На кладбище было еще две могилы. В первой был похоронен Хуан Имас, дядя Давида, – «Хуан Имас, Обаба. 1916 – ранчо Стоунхэм. 1992. Ему нужны были две жизни, а у него была только одна»; во второй Генри Джонсон, первый хозяин ранчо, – «Генри Джонсон, 1890–1965». Кроме того, в углу были еще три могилки, крошечные, словно игрушечные. Они принадлежали, как мне поведал во время одной из наших прогулок сам Давид, Томми, Джимми и Ронни, трем хомячкам его дочерей.

«Это была идея Давида, – объяснила Мэри-Энн. – Он сказал девочкам, что под этой мягкой землей их любимцы будут сладко спать, и они восприняли это с радостью и утешились. Но вскоре у нас сломалась соковыжималка, и Лиз, которой в то время было лет шесть, настояла, чтобы ее тоже похоронили. Потом пришла очередь пластмассового утенка, который сгорел, упав на угли барбекю. Позже та же участь постигла музыкальную шкатулку, которая перестала играть. Мы не сразу догадались, что девочки специально ломали игрушки. Особенно младшая, Сара. Тогда-то Давид и придумал игру в слова. Не знаю, говорил ли он тебе об этом». – «Не помню», – сказал я. «Они стали хоронить ваши слова». – «Какие слова ты имеешь в виду?» – «Слова из вашего языка. Он что, правда тебе ничего не рассказывал?» Я уверил ее, что нет. «Я-то думала, что во время ваших прогулок вы говорили обо всем», – улыбнулась Мэри-Энн. «Мы говорили о нашей молодости, – сказал я. – Хотя и о вас с ним тоже, и о вашей идиллии в Сан-Франциско».

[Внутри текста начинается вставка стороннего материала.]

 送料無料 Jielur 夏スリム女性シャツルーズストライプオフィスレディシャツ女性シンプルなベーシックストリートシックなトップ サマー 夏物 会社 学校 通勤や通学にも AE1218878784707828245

Я провел в Стоунхэме около месяца, и мои разговоры с Давидом могли бы заполнить много пленок. Но магнитофонных записей не было. И никаких документов. Оставались только следы, слова, которые я смог удержать в памяти.

Взор Мэри-Энн был устремлен в нижнюю часть ранчо. По берегу Кавеи, реки, что его пересекала, бродили пять или шесть лошадей. Они паслись среди гранитных скал на зеленых лугах. «Идиллия в Сан-Франциско – это правда, – сказала она. – Мы познакомились там, когда осматривали достопримечательности». На ней была ковбойская рубашка, соломенная шляпа защищала от солнца. Она по-прежнему выглядела молодой. «Я знаю, как вы познакомились, – сказал я. – Вы показывали мне фотографии». – «Да, верно. Я и забыла». Она не смотрела на меня. Смотрела на реку, на лошадей.

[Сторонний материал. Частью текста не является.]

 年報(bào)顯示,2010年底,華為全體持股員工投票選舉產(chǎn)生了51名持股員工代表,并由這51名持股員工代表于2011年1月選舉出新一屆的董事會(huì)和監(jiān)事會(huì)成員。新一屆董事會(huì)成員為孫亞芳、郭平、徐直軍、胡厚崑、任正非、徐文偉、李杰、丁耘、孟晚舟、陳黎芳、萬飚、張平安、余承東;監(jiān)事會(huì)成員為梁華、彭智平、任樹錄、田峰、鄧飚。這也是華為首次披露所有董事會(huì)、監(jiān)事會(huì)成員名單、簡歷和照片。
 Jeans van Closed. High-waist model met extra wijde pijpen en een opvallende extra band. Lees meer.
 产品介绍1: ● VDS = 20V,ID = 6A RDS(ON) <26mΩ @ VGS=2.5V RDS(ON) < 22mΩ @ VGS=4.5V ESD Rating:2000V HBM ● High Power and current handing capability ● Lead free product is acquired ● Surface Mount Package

Он никогда не был так близок к раю, как тогда, когда жил на этом ранчо. Человек, вырезавший надпись, подошел к нам с листком бумаги, на котором мы записали эпитафию на трех языках. «What a strange language! But it's beautiful!» – «Какой странный язык, но красивый!» – сказал он, указывая на строки на баскском языке. Он ткнул пальцем в одно из слов: оно ему не нравилось, и он хотел знать, нельзя ли его заменить каким-нибудь получше. «Речь идет о rantxo?» Мужчина поднес палец к уху. «It sounds bad» – «Звучит плохо», – сказал он. Я посмотрел на Мэри-Энн. «Если ты подберешь что-то другое, пожалуйста. Давид бы не возражал». Я порылся в памяти. «Не знаю, может быть, это…» И написал на бумаге abeletxe, слово, которое в словарях переводится как «ферма, скотный двор, отдаленная от деревни усадьба». Мужчина пробормотал что-то, что я не смог разобрать. «Оно ему кажется слишком длинным, – разъяснила Мэри-Энн. – Он говорит, что в нем на две буквы больше, чем в rantxo, а на плите у него нет ни одного лишнего дюйма». – «Я бы оставил как есть», – сказал я. «Пусть будет rantxo», – решила Мэри-Энн. Мужчина пожал плечами и вернулся к работе.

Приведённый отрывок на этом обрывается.